Your task: Copy nothing past the line containing "- dotazione: troppopieno, piletta". Transcribe every line of the listing below up to and including it, from the first, except pictures.

------------------------------------------------------------------------

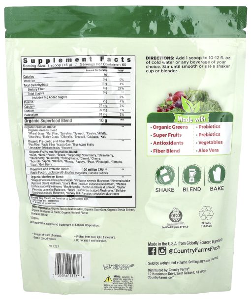 Farm Fresh Since 197550 Organic Super FoodsFruits, Vegetables, Super Greens, Mushrooms & ProbioticsUSDA Organic6 g FiberNo Added SugarVeganDietary SupplementCertified Organic by OTCOMade with:Organic GreensSuper FruitsAntioxidantsFiber BlendProbioticsPrebioticsVegetables Aloe Vera
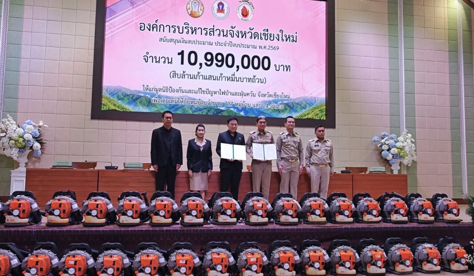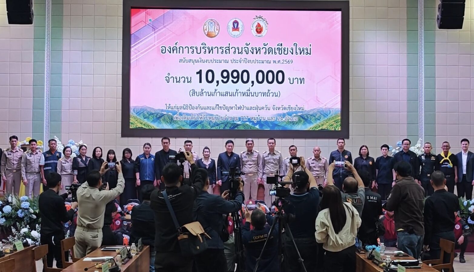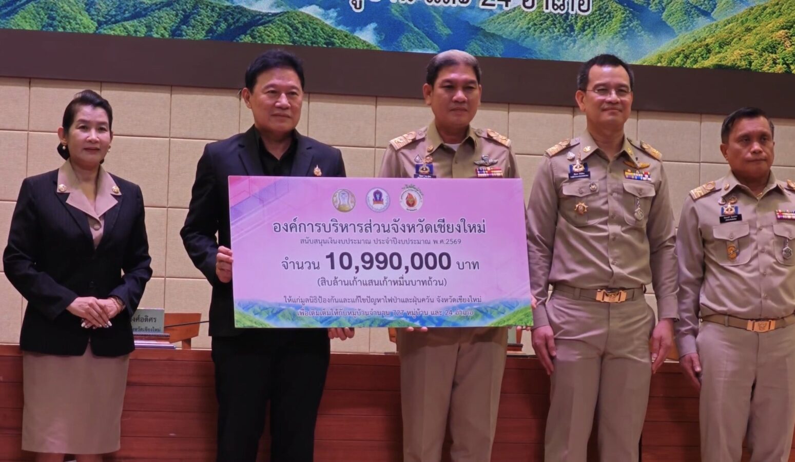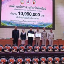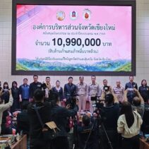 Chiang Mai’s Provincial Administrative Organisation (PAO) handed over 10.99 million baht to the Chiang Mai Wildfire and Haze Prevention and Mitigation Foundation on 9th March, in a ceremony presided over by PAO president Phichai Lertpongadisorn. The funds were received by provincial governor Ratthapol Naradisorn, who also chairs the foundation.
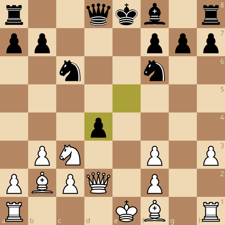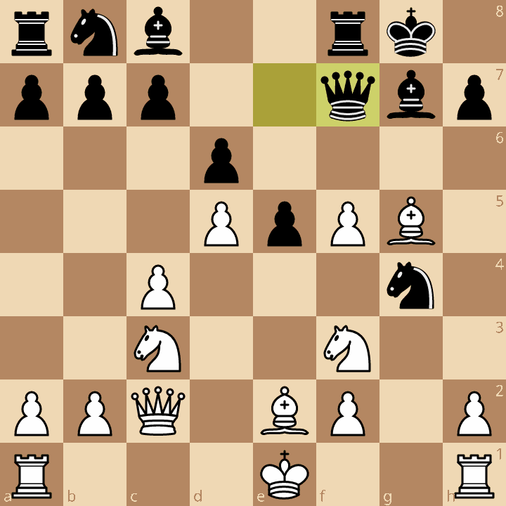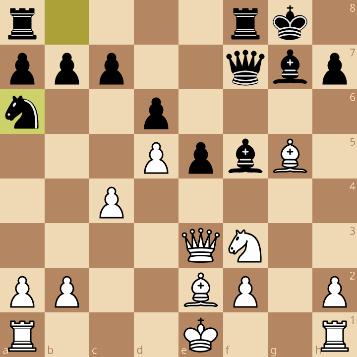 In deze stelling kan wit reeds groot voordeel krijgen door de afwikkeling 14.Ph4 Lxf5 (14..Ph6 14.f6) 15.Pxf5 Dxf5 16.Dxf5 Txf5 17.Lxg4 Txg5 goed door te rekenen. Nu kan wit met 18.Lc8 materiaal winnen (b7 valt) maar ook rustig 18.Le6+ Kh8 19.Pe4 is erg goed. De witte loper is beter dan de zwarte en het paard heeft zijn droomveld e4 bereikt. In plaats daarvan speelde wit 14.f6  Pxf6 15.Pe4?! (toegeven dat het niet goed is gegaan met 15.Le3 gevolgd door Pg5 zou wit nog steeds wat voordeel opleveren). 15..Pxe4 16.De4 Lf5 17.De3 Pa6 en leek het zwarte spel in het onderstaande diagram helemaal tot wasdom te komen.
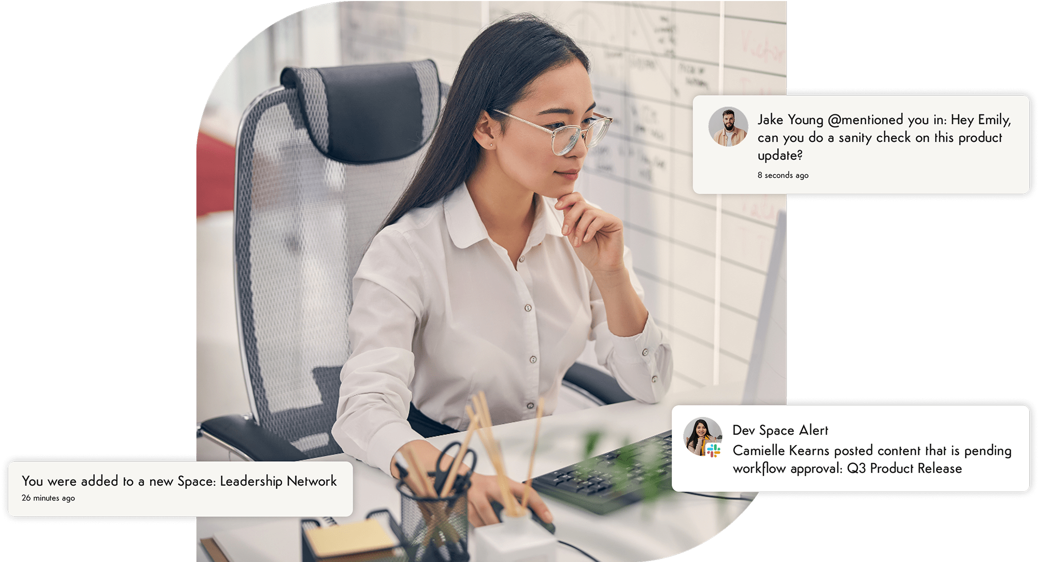 From flexible announcements and personas to group tagging and more, you can keep everyone aligned and connected.
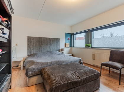 + De eerste verdieping bestaat uit de overloop, twee volwaardige slaapkamers en de badkamer. Elke slaapkamer is afgewerkt met een laminaatvloer, strak stucwerk en rolluiken. De hoofdslaapkamer beschikt daarnaast over een inbouwkast.
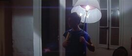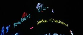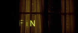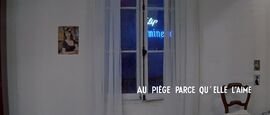 霓虹灯标示出的质能方程“E=mc^2”曾在戈达尔斩获柏林金熊奖的反乌托邦科幻经典《阿尔法城》(1965)中反复用作插入性的画面,以打破电影的连贯性。本片则早已先行一步,中途出现的“Still has nice breasts”和结尾的“FIN”字样都将霓虹灯组成的字句当作辅助性字幕,参与了叙事环节。
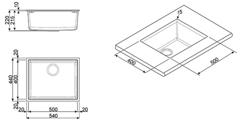 - dotazione: troppopieno, piletta 3.5”, guarnizioni, morsetti di fissaggio e sifone con attacco lavastoviglie.
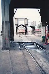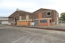 As part of the upgrades to suit diesel locomotives, 2 of the outdoor radial roads from No. 2 turntable were connected to Broadmeadow yards and converted to arrival roads. A new 10 tonnes (7.5 long tons) capacity sanding plant for the diesel locos was constructed on one of these roads using steelwork transferred from Enfield Loco Depot.[25] In 1966, a new diesel fuel storage facility was installed consisting of four 81,800 L (18,000 imp gal) tanks and pump house, additional fuelling points were provided on the new arrival roads. A load box building was constructed on one of the outdoor roads of No. 2 turntable to allow the stationary load testing of diesel electric locos after repairs.[26] A new air compressor house was also constructed in 1965 adjacent to No. 2 Roundhouse.[13][27]
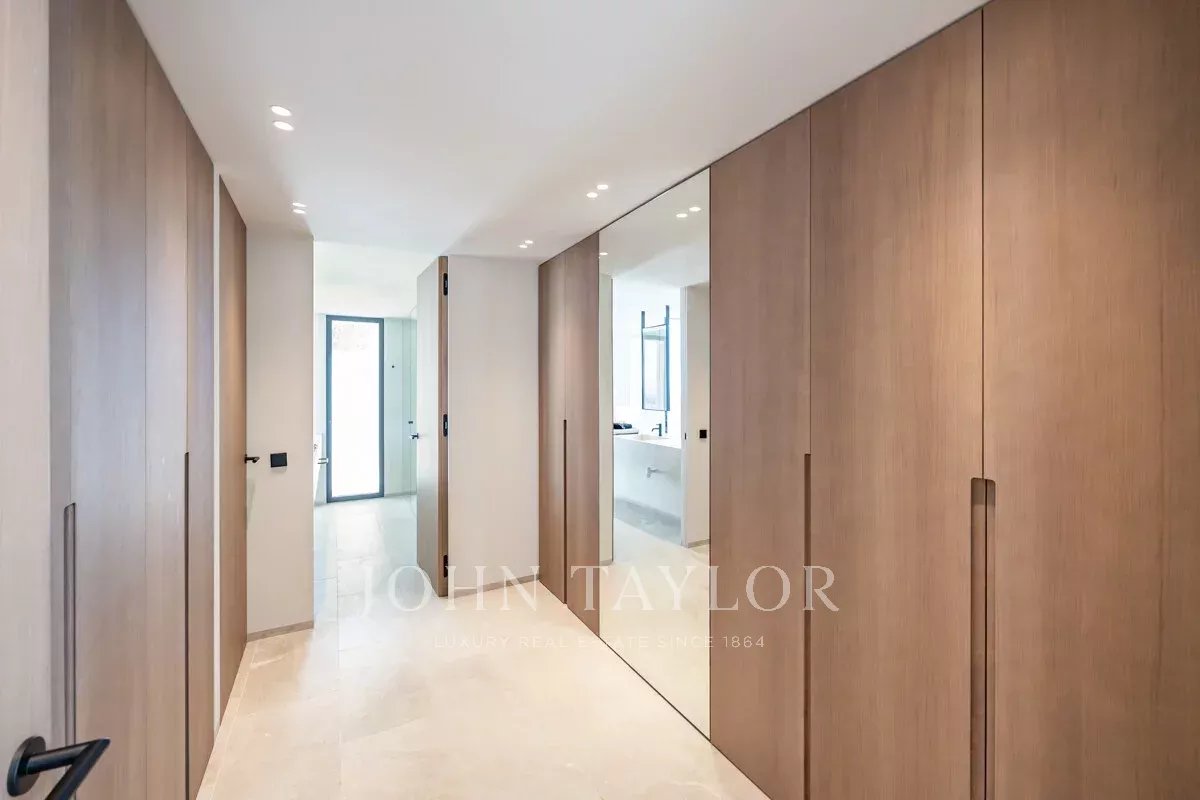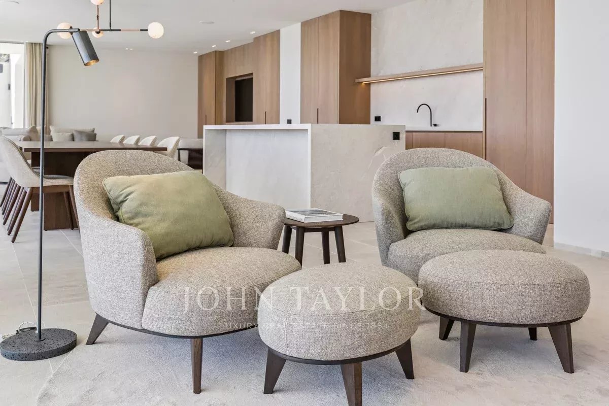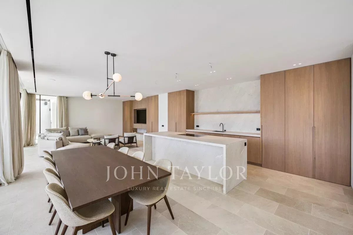 Chaque détail a été conçu selon les normes les plus élevées, avec des menuiseries en chêne fabriquées sur mesure - des portes intérieures discrètes aux armoires de cuisine sur mesure - créant une esthétique raffinée et fluide dans l'ensemble de la maison. Le rez-de-chaussée ouvert présente une cuisine, une salle à manger et un espace de vie élégants et contemporains, tous inondés de lumière naturelle et s'ouvrant directement sur le jardin paysager et la piscine privée.
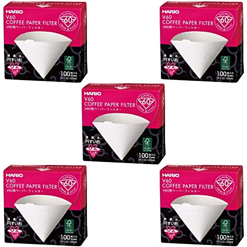 Hario 5 X V60 storlek 02 100 st lådor kaffe vita pappersfilter, 5 lådor värdeset (totalt 500 ark)
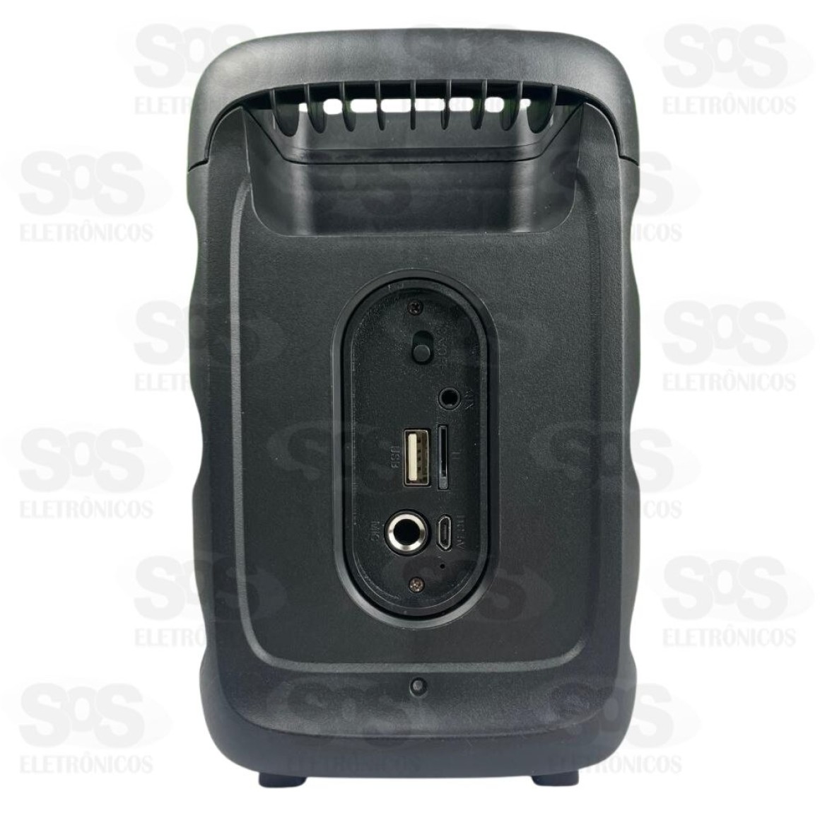 Uma caixa de som completa com; entrada para USB, TF, Auxiliar, P10 e botão de grave (bass)
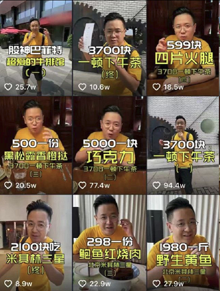 “300块一两和牛牛排”、“3700元的下午茶”、“7.5万住一晚总统套房”、“花199万元坐月子”等富人高端消费体验视频,核心卖点是“贵”,

------------------------------------------------------------------------

Output for this task:
 Farm Fresh Since 197550 Organic Super FoodsFruits, Vegetables, Super Greens, Mushrooms & ProbioticsUSDA Organic6 g FiberNo Added SugarVeganDietary SupplementCertified Organic by OTCOMade with:Organic GreensSuper FruitsAntioxidantsFiber BlendProbioticsPrebioticsVegetables Aloe Vera
 Chiang Mai’s Provincial Administrative Organisation (PAO) handed over 10.99 million baht to the Chiang Mai Wildfire and Haze Prevention and Mitigation Foundation on 9th March, in a ceremony presided over by PAO president Phichai Lertpongadisorn. The funds were received by provincial governor Ratthapol Naradisorn, who also chairs the foundation.
 In deze stelling kan wit reeds groot voordeel krijgen door de afwikkeling 14.Ph4 Lxf5 (14..Ph6 14.f6) 15.Pxf5 Dxf5 16.Dxf5 Txf5 17.Lxg4 Txg5 goed door te rekenen. Nu kan wit met 18.Lc8 materiaal winnen (b7 valt) maar ook rustig 18.Le6+ Kh8 19.Pe4 is erg goed. De witte loper is beter dan de zwarte en het paard heeft zijn droomveld e4 bereikt. In plaats daarvan speelde wit 14.f6  Pxf6 15.Pe4?! (toegeven dat het niet goed is gegaan met 15.Le3 gevolgd door Pg5 zou wit nog steeds wat voordeel opleveren). 15..Pxe4 16.De4 Lf5 17.De3 Pa6 en leek het zwarte spel in het onderstaande diagram helemaal tot wasdom te komen.
 From flexible announcements and personas to group tagging and more, you can keep everyone aligned and connected.
 + De eerste verdieping bestaat uit de overloop, twee volwaardige slaapkamers en de badkamer. Elke slaapkamer is afgewerkt met een laminaatvloer, strak stucwerk en rolluiken. De hoofdslaapkamer beschikt daarnaast over een inbouwkast.
 霓虹灯标示出的质能方程“E=mc^2”曾在戈达尔斩获柏林金熊奖的反乌托邦科幻经典《阿尔法城》(1965)中反复用作插入性的画面,以打破电影的连贯性。本片则早已先行一步,中途出现的“Still has nice breasts”和结尾的“FIN”字样都将霓虹灯组成的字句当作辅助性字幕,参与了叙事环节。
 - dotazione: troppopieno, piletta 3.5”, guarnizioni, morsetti di fissaggio e sifone con attacco lavastoviglie.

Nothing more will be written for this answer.